Field of Science

So Few Measures of Student Learning

Andrea Loughry is the vice chair of the University of Tennessee System. In the most recent issue of Trusteeship she expresses the opinion that with "so many rankings (of institutions), there are so few measures of student learning" (p. 37).

Now before I respond in a calm and reasonable fashion, let me say that as a long-time inhabitant of the trenches on the front line of higher education, I don’t want boards of governance involved with measuring student learning any more than public officials. The reason is simple, neither one knows what the heck they’re doing.

Trusteeship is not a publication that I recommend to any serious academic, but I skim the articles and commentaries in each issue out of a sense of duty. I interact with trustees on a regular basis, and I like to know what these people who “run the show” think and read. It doesn’t inspire great confidence; fortunately most trustees of my acquaintance are successful professionals who don’t have time to read this journal.

Now back to the commentary. What does Andrea mean when she says there are so few measure of student learning? What does this lady think I do with my time? What does she think I'm doing in my classes when I make students do all that work, read all those assigned material, write all those papers, engage in all those diverse laboratory activities and discussions, research the many assignments, and take all the exams? Students don't think the learning measures are few. And does Andreas think students who can do all these things successfully have still not demonstrated any learning? Or is it that I have failed to demonstrate to my trustees that they have learned anything? Do they want to see all the papers, assignments, exams, essays, and notebooks? I can have them boxed up and delivered. If such activities are not measuring and assessing student learning, then why the heck am I bothering?

In case you are unfamiliar with educational jargon, let me introduce you to “learning outcome measures.” If you are teaching faculty you may be surprised to know that you use these. LOMs are basically all the things you do to evaluate student learning, but only people in colleges of education felt a noun-phrase-label was needed. Here’s a more official definition. LOMs are any “activity, product, behavior, knowledge, skill, ability, or attitude that we want a student to manifest in measurable or observable ways.” I don’t have a problem with any of this, although phrases like “learning outcome measures” hurt my brain. But here’s the rub, and where Andrea and I part ways.

Andrea calls on her fellow trustees to ensure that their institutions are setting high standards and “measuring student learning in a transparent manner.” I wish I knew what she actually meant. To me being transparent means making sure students understand what they are expected to do and know, and how I will evaluate it. But I think Andrea wants some kind of "learning measure" that can lead to comparisons among institutions, and she suggests learning outcomes measured “by a variety of broad and narrow tests selected by the institutions.”

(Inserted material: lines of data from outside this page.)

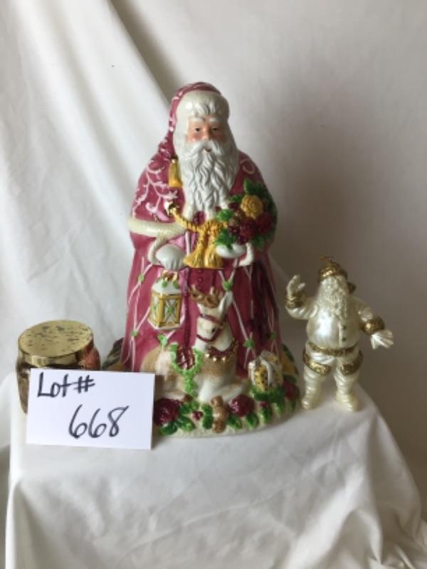 Royal Albert Old Country Roses Seasons of Colour Ceramic Santa Cookie Jar. Plastic Santa ornament and Spiced Vanilla Candle
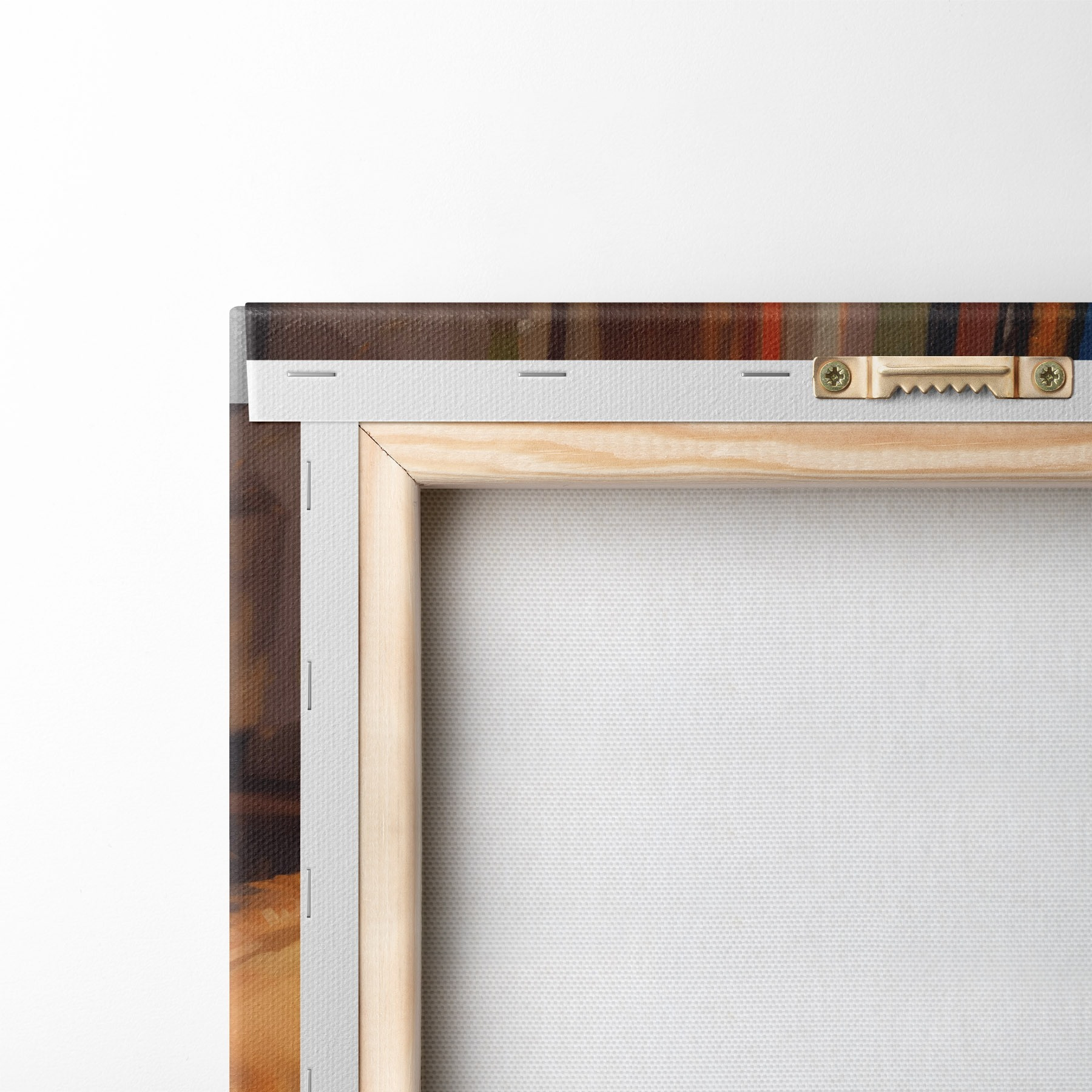 Vendemos cuadros en bastidor: se trata de un marco de madera sobre el que se extiende el lienzo. Este cuadro no necesita marco; puedes colgarlo directamente en la pared.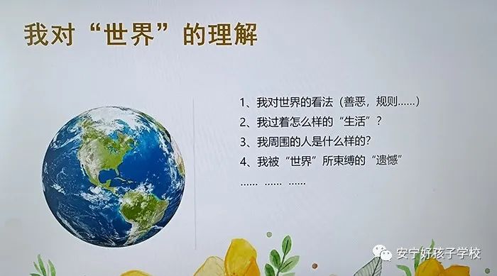 課程伊始,趙老師用熱身小游戲活躍課堂氣氛,調(diào)動(dòng)同學(xué)們的積極性,讓同學(xué)們用最自然的狀態(tài),投入到課堂學(xué)習(xí)中。隨后,趙老師揭開了今天與同學(xué)們探討的話題“在世界眼里,我是怎樣一個(gè)人”。趙老師以“關(guān)于‘我’的問題、我對‘世界’的理解、以及‘世界’之于我”等話題讓孩子們進(jìn)行自我探索。

Yikes. No Child Left Behind testing comes to higher education! Oh, and this is better in what way from having public officials demand testing? So much for all the diverse, multifaceted LOMs that I employ to determine student learning in my classes! No, my trustees are being urged to use some type of banal standardized exams to obtain transparency in student learning assessment. Well, the outcomes will be transparent OK because they have no substance. One might say such testing will be produce ethereal results.

Such testing is not going to capture the nuances of economic botany, plant taxonomy, or rain forest ecology, or any other subject area for that matter. What a crock! Any trustee that suggests such a thing should be dismissed on the spot for having displayed such a gross misunderstanding of the educational enterprise.

The take home message is pretty straight forward. First, trustees like Andrea obviously don’t trust me to do my job. Second, somehow trustees understand better than I how to set high standards and measure student learning. Third, and with all due respect to well-meaning trustees, this is what you get when amateurs are allowed to run an educational organization. And you only get this in higher education. House keepers don’t sit on the board of Proctor and Gamble, but people whose only association with higher education was that they were students once and graduated from your institution, are placed in the position of telling me how to do my job.

Oh, Andrea, it scares me that you don’t know better. Now I don’t mind telling you or showing you how I evaluate my students. And I guarantee that I set high standards and get my students to perform. But no testing you can imagine is going to give you something that allows comparison of student learning among institutions. Testing is not an assessment; how my students perform once they graduate, now that’s an assessment. And this is why faculty like me will fight tooth and nail to prevent something as banal as “a variety of broad and narrow tests” from acting as a stand in for us who are the only people in a position to actually measure student learning, even if most of us don't know what an LOM is.